Seems like it wasn't too many months ago that I decided I wasn't going to spend time every week on my declutter project and yet here I am, not too much later, feeling like I am drowning in clutter again. Which really isn't true - if you could see my spare bedroom right now, it is an oasis of clear surfaces and tidiness. I like to stand in there and look around from time to time to remind myself that it is possible, I find it very calming! :)
It's mostly just a feeling I usually get this time of year after spending most weekends at the cottage and evenings during the week doing anything but decluttering. No matter how clean my house is (and it is generally so, thanks mostly to my wonderful cleaning lady and the fact that I have to tidy up every two weeks before she comes!) After a few months of this, I start to get a little panicky when I can't find things easily, usually because things aren't put away where they belong but have been tossed quickly in a temporary spot to linger for much longer than they should. In my head, it starts to feel like I am living in the middle of this room:
It actually started to bother me back in June when we went for a birthday lunch at work and I took some photos on my camera, then couldn't find the little adaptor piece I need to download the photos onto my camera. I had a feeling that I had put it in a safe place, I just couldn't remember where that safe place was! Too much time was spent going through drawers and what I thought were the obvious places with no success. Eventually I gave up looking for it (and even thought about buying a new one, only I was too cheap to spend the $10 replacement cost, knowing it had to be somewhere in my apartment!!) but the knowledge that was missing was nagging at the back of my brain all this time. Then lo and behold, last week I opened a previously unnoticed shoe box full of little bits and pieces that I vaguely recall scooping off my dining table in a moment of "instant cleanup" and there it was. [Note to self: the instant cleanup system works like a charm as far as tidying up quickly when company is coming over but is totally useless unless you go back to that box as soon as possible afterwards and put things back where they belong!! The hours wasted looking for things that go missing in that process just don't make it worth the time you save cleaning up.]

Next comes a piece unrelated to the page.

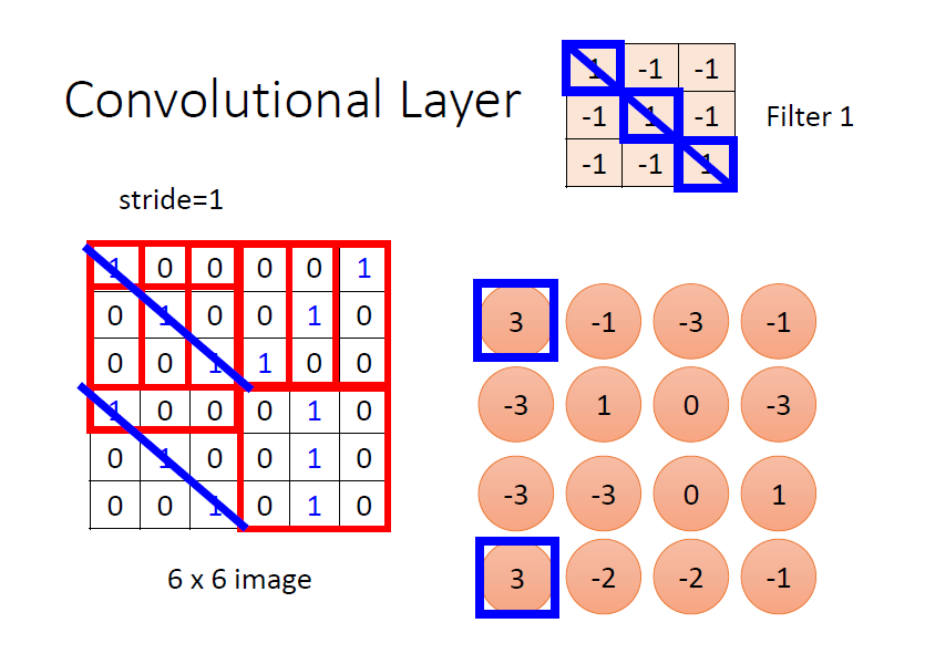 filter 的計算是“內積”:filter 跟圖片對應位置的數值做矩陣乘法,乘完後再將元素相加

The crisis point hit earlier this week, when I couldn't find the beaded paper doll I had made for the Toronto Bead Society Bag of Beads Challenge back in March. I was excited to learn a few weeks ago that for the second year in a row, my piece has been chosen to be featured in the annual TBS calendar on the Bags of Beads page. The bad news was that I couldn't find Esmeralda! Once again, I was thinking I had put her away in a logical and safe spot. But after looking several times in several places (even checking some of the same spots over and over again, thinking perhaps I just hadn't checked carefully enough) with no success, I knew I would have to make a concentrated effort this weekend to find her because the winning items are due to be photographed by a professional photographer this week and were supposed to have been delivered last week. I had visions of having to turn down the honour of being included in the 2012 calendar (over 120 entries this year, 12 of whom are chosen to represent the months of the year, 4 for the "Hall of Fame", 5 honourable mentions and me being one of 5 artists chosen for the BOB page) simply because I couldn't find the damn doll!

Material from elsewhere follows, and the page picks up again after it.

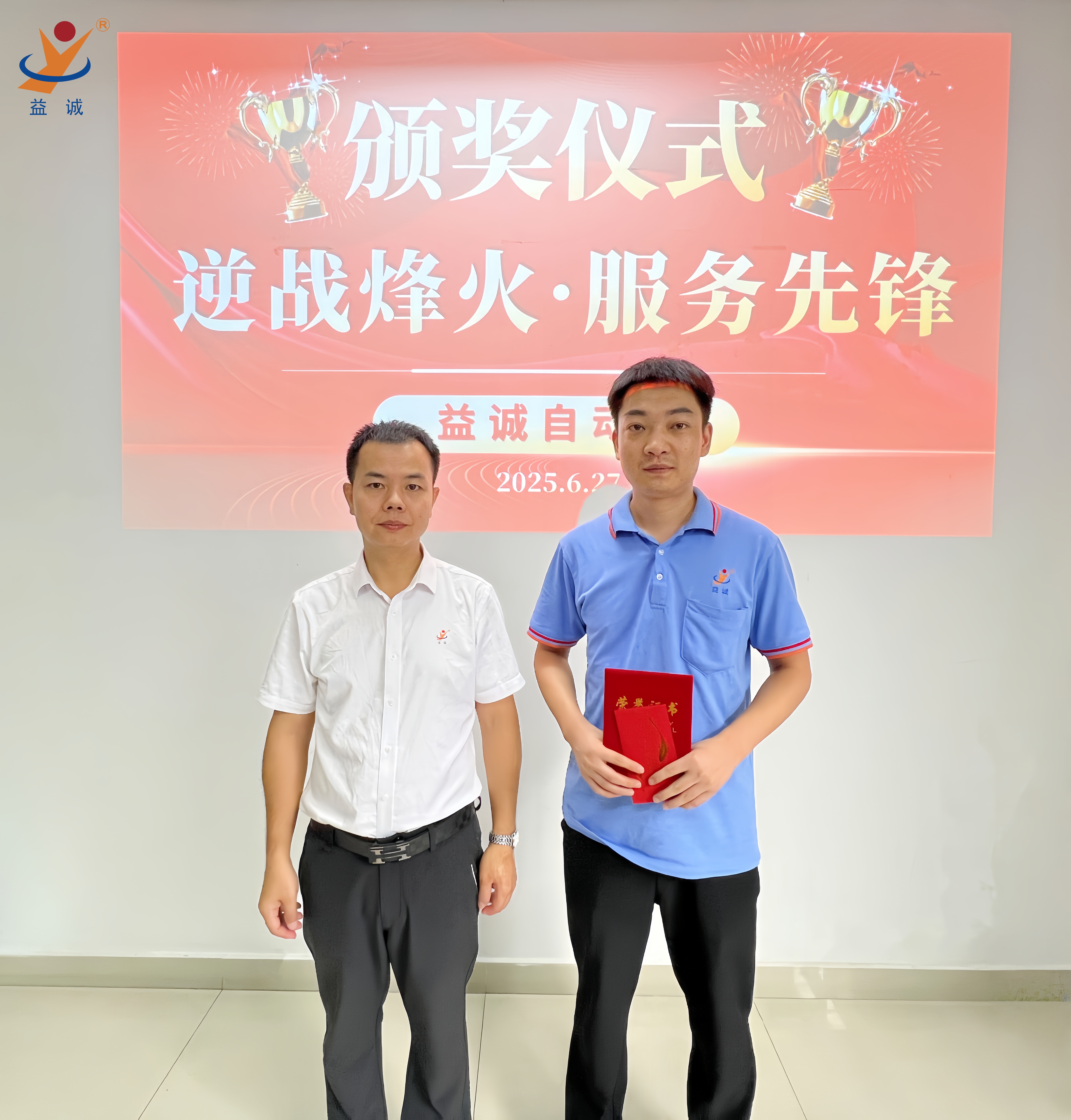 为表彰孙艺浩、陈林春在本次售后任务中作出的卓越贡献,公司在俩人回国后特举办了表彰大会,潘总经理亲自为他们 颁发了“逆战烽火·服务先锋”的荣誉证书。

After spending most of this afternoon going through my dining room shelf by shelf, box by box, drawer by drawer, examining all of my beading and art supplies for places where the doll might be and decluttering along the way, I eventually found her. Of course, she was nowhere near where I had spent several hours looking, but instead tucked neatly in a pile way across the other side of the living room, in the very last place I looked in desperation when I had looked everywhere else! Ironically, in a pile that I'm sure I checked at least twice before. Eureka!!
However, this afternoon's sorting through turned up several items that will come in handy for the jewellery I am making for the sale in two weeks, so it was well worth the time spent. And all the cluttered corners and shelves are now dusted and tidied and I have a general idea what is being kept where again. Time to get back to making said jewellery pieces, which is much more fun! However, I hearby resolve to go back to spending time focusing on decluttering on a regular basis and hopefully the reminder of this painful lesson will be enough to keep me motivated going forward.